In-house solicitor with triplets was victim of discrimination


British Gas: Performance capping policy was discriminatory

British Gas discriminated against and unfairly dismissed an in-house solicitor who returned to work part-time after having triplets, an employment tribunal has ruled.

Employment Judge Gumbiti-Zimuto said the fact Gemma Long was a mother with young children was “unconsciously being held against her” and she was seen as less focused as a result.

The judge said Ms Long was also the victim of a “discriminatory performance capping policy” – because of her absence due to maternity leave, her annual performance could not be ranked as any higher than “achieving expectations”, even though in an appraisal a few months after returning to work in 2017 she was actually rated as exceeding them.

“The respondent has put forward no defence or explanation for the policy. The policy operated in a discriminatory way against women.”

The tribunal heard that Ms Long, who qualified in 2000, began working for British Gas in 2012 as intellectual property counsel.

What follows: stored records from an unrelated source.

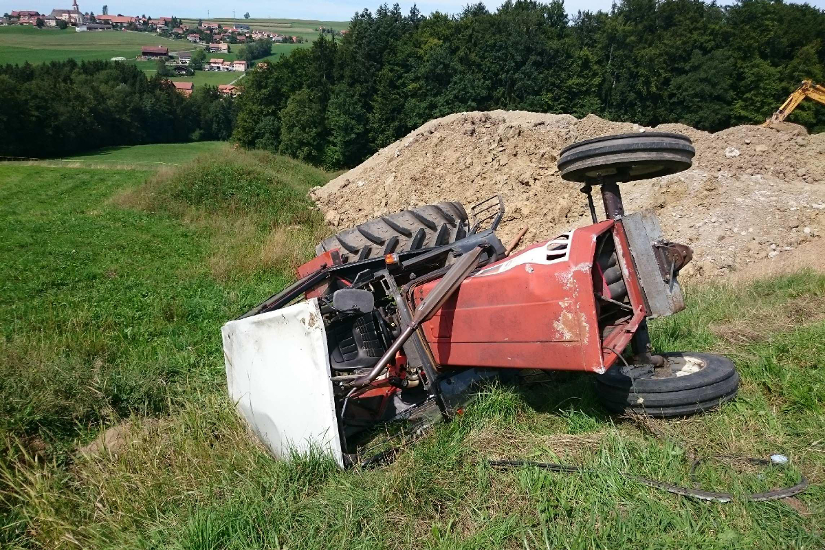 Am Donnerstag, circa 13.10 Uhr, fuhr ein 55-jähriger Mann mit seinem Traktor in Richtung St. Martin. In einer Rechtskurve verlor er - wahrscheinlich infolge nichtangepasster Geschwindigkeit - die Kontrolle über sein Fahrzeug. Der Traktor überschlug sich und blieb schliesslich auf der Seite liegen.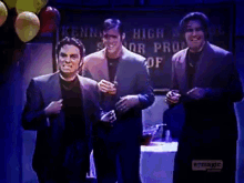 Three men in suits perform a synchronized dance, reminiscent of A Night at the Roxbury.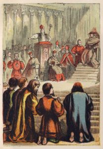 Through his writing, Barnes came to the notice of Thomas Cromwell (the new and Protestant English Chancellor). By this time, Henry VIII wanted a divorce from his first wife, and when the pope denied him, he turned to the Protestants. Barnes was appointed to carry Luther’s reply to Henry VIII on the divorce issue and so returned to England under safe conduct from the king. The news was not good, however, as Luther rejected Henry’s case for divorce, and the political climate was unsafe, so, Barnes returned again to Germany the following year. This was the beginning of a precarious relationship between Robert Barnes and King Henry. Barnes needed protection and acceptance in England in order to teach and preach. Henry needed a willing and loyal subject who had strong ties to the Lutheran princes of Germany. Cromwell was promoting an alliance between England and the Lutheran Smalcald League, and this meant that Henry had to accept the Augsburg Confession. Theologians from both sides met for discussion, including Robert Barnes and Philip Melanchthon.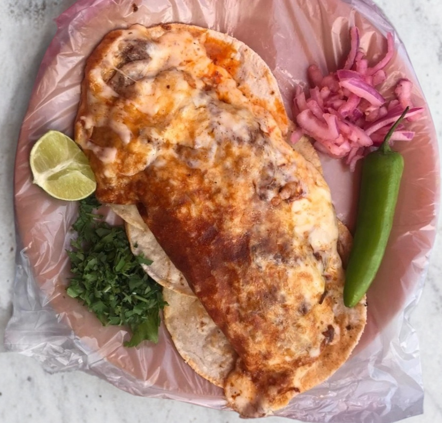 Doble tortilla de maíz con queso gratinado y birria. Acompañado de salsa, cebolla, limón y chile.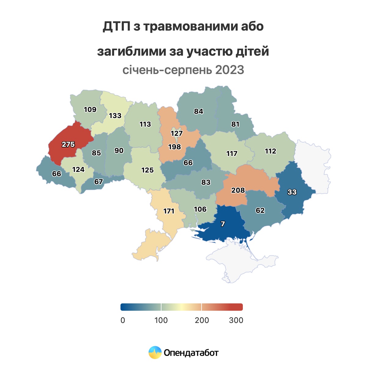 Цьогоріч на дорогах України сталося на 7% більше аварій, в яких травмувалися або загинули діти, порівняно з аналогічним періодом 2021-го року, повідомляє Опендатабот. Зокрема, за вісім місяців, із січня по серпень, загинуло 116 дітей.

Her maternity leave began in May 2016, and she returned to work in September 2017, working part-time from Monday to Wednesday from 8am to 4pm.

At the relevant time, she was the mother of two-year-old triplets and a son with “significant” additional needs.

By the time she left the company in July 2019, she was earning £46,800, the full-time equivalent of which was £78,000.

Her line manager was Sarah Hartnell, a solicitor with a background in competition law, whose own line manager was Vicky Wells, described as “an experienced solicitor with a corporate law background”.

Ms Long said that, after she received a pay rise in September 2018, she started to feel pressure from Ms Hartnell to work on her non-work days.

One email from Ms Hartnell said a “flexible approach to work would suggest you keep an eye on email (in the way I do on my day off and other full-time employees do over the weekend)”.

Judge Gumbiti-Zimuto also quoted an emails from Ms Wells to Ms Hartnell, which said: “Are you going to speak to Gemma this week about not dropping everything when she leaves on Weds?… I’ve also told her that the work doesn’t stop at 4pm on a Wednesday.”

He went on to highlight Ms Wells’ “unreasonable criticism of the claimant” in relation to a particular matter, which she said was “congruent with the attitude evident in the correspondence between Vicky Wells and Sarah Hartnell that suggests a dissatisfaction with the claimant’s working time”.

In Ms Long’s 2018 end-of-year performance review, Ms Hartnell rated her as “below expectations”.

She told the tribunal that she had concerns about Ms Long’s performance during the year, but it found no evidence that the two had spoken about them before the review.

In June 2019, Ms Long was told she was at risk of redundancy; she was in a pool of two people, of whom one would be made redundant.

As part of the process, Ms Hartnell completed a form that asked about Ms Long’s historical performance rating.

The form emphasised that where an employee had been absent due to maternity leave for the greater part of two performance cycles – which Ms Long had been – the rating from the previous year should be used because of the capping policy.

However, Ms Hartnell failed to do this, using the 2017 rating instead of 2016’s. Further, she scored Ms Long as one out of seven for ‘focus’, meaning she “rarely” demonstrated it.

However, in her evidence to the tribunal, Ms Hartnell accepted that Ms Long’s focus on trademarks was good, and that this made up the lion’s share of her work. The tribunal ruled that this score was “irrational”.

Her dismissal was confirmed in July 2019 and upheld on appeal.

The following month Ms Long issued a claim for unfair dismissal, sex discrimination, equal pay and less favourable treatment on the grounds that she was a part-time worker.

British Gas denied the allegations and said the solicitor was fairly dismissed on the grounds of redundancy.

The judge said the tribunal could infer from the various emails and events that “the claimant’s personal circumstances as a mother of young children was unconsciously being held against her”.

It concluded that Ms Long was treated less favourably than a full-time male worker.

On the question of unfair dismissal, using the wrong performance rating in the redundancy scoring matrix had “an obviously discriminatory effect”.

There were other flaws, including a failure to consider how a long-serving employee like Ms Long could be fairly compared to the other member of the pool, a short-serving employee.

On equal pay, the judge said Ms Long’s complaint was well founded, because British Gas failed to show that the difference between her pay and a newly appointed male colleague at the same level but with nine years less experience, who earned £80,000, did not involve treating her less favourably because of her sex.

“The evidence put forward of market forces [as the reason] is just an assertion by the respondent’s witnesses that ‘Ian’ from HR gave that advice,” the tribunal said.

“The exact nature of the advice is not clear, what it was based on is unexplained and whether it was reasonable to act as the respondent did is not ascertainable.”

The case will now move to a remedy hearing.